Ask the bartender: What's cachaça? And what do you do with it?

Sean Kenyon Bio Photo.jpg
Sean Kenyon knows how to pour out both drinks and advice. A third-generation bar man with almost 25 years behind the bar, he is a student of cocktail history, a United States Bartenders Guild-certified Spirits Professional and a BAR Ready graduate of the prestigious Beverage Alcohol Resource Program. You can find him behind the bar at Squeaky Bean -- and here every week, where he'll answer your questions.

Q. What the hell is cachaça? I've seen it a shit-ton lately, and tonight I asked a bartender what it was, and the dumb fuck couldn't tell me. So I ordered whiskey. And how the hell do you say it? That fancy C with a squiggly thing confuses me. I figured I could look it up on the interweb, but it's way more fun to ask you. Get to work. -- Brian

A. First, Brian, let's get you saying it correctly. Cachaça is pronounced ka-SHA-sa; that "fancy C with a squiggly thing" is called a cedilla and softens the pronunciation of the letter c to that of an s.
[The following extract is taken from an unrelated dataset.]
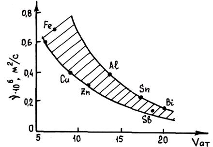 Исследованиями обнаружена четкая корреляция вязкости с объемом, приходящимся на один атом жидкого металла Vат. Кинематическая вязкость n большинства металлов при температурах, близких к температуре затвердевания, удовлетворительно описывается функцией n = К/Vат, где К —коэффициент, приблизительно равный 4—5. Соотношение между n и Vат показано на рис. 1.27 для целого ряда жидких металлов. Связь вязкости с величиной свободного объема металла, не занятого атомами, выражает эмпирическая формула А. И. Бачинского n = =с/(Vат - w), где с и w — эмпирические коэффициенты, не зависящие от давления и температуры. Величина w имеет смысл собственного объема атомов, так что разность (Vат - w) характеризует величину свободного объема.

Cachaça is a sugarcane spirit that is exclusively produced in Brazil. As a sugarcane spirit, it's technically classified as a rum. But cachaça is different from most other rums because it can only be made with fresh-pressed cane juice rather than molasses or flake sugar. (Rhum Agricole from Martinique is the only other rum category that insists on fresh cane juice.) The result (when made well) is a rich, mellow and spicy spirit.

There are several brands of cachaça on the market, in a wide array of qualities. Many are craft-distilled and artisanally made, but there are several industrial firewater brands that are probably more suited to fuel your car than entice your palate. A good way to test the quality of a cachaça is to shake the bottle; the resulting bubbles and froth should dissipate quickly (within thirty seconds); the longer the bubbles remain, the more impurities exist.

My favorite brand, Boca Loca, is owned by a Denver woman, Rhonda Follrath. Boca Loca is a beautiful spirit with a light floral aroma, notes of pineapple and citrus and a slightly sweet finish. Other quality cachaças on the market include Mae de Ouro, Cabana and Leblon.

Cachaça is the principal ingredient in the national drink of Brazil, the Caipirinha (I'll cut you off at the pass, Brian: it's pronounced cai-purr-EEN-ya), a simple but sublime drink made with fresh lime and granulated sugar. But it is also a versatile spirit that works well in many styles of cocktails. One of the ways I love to enjoy it is to replace the gin in a classic Negroni with cachaça.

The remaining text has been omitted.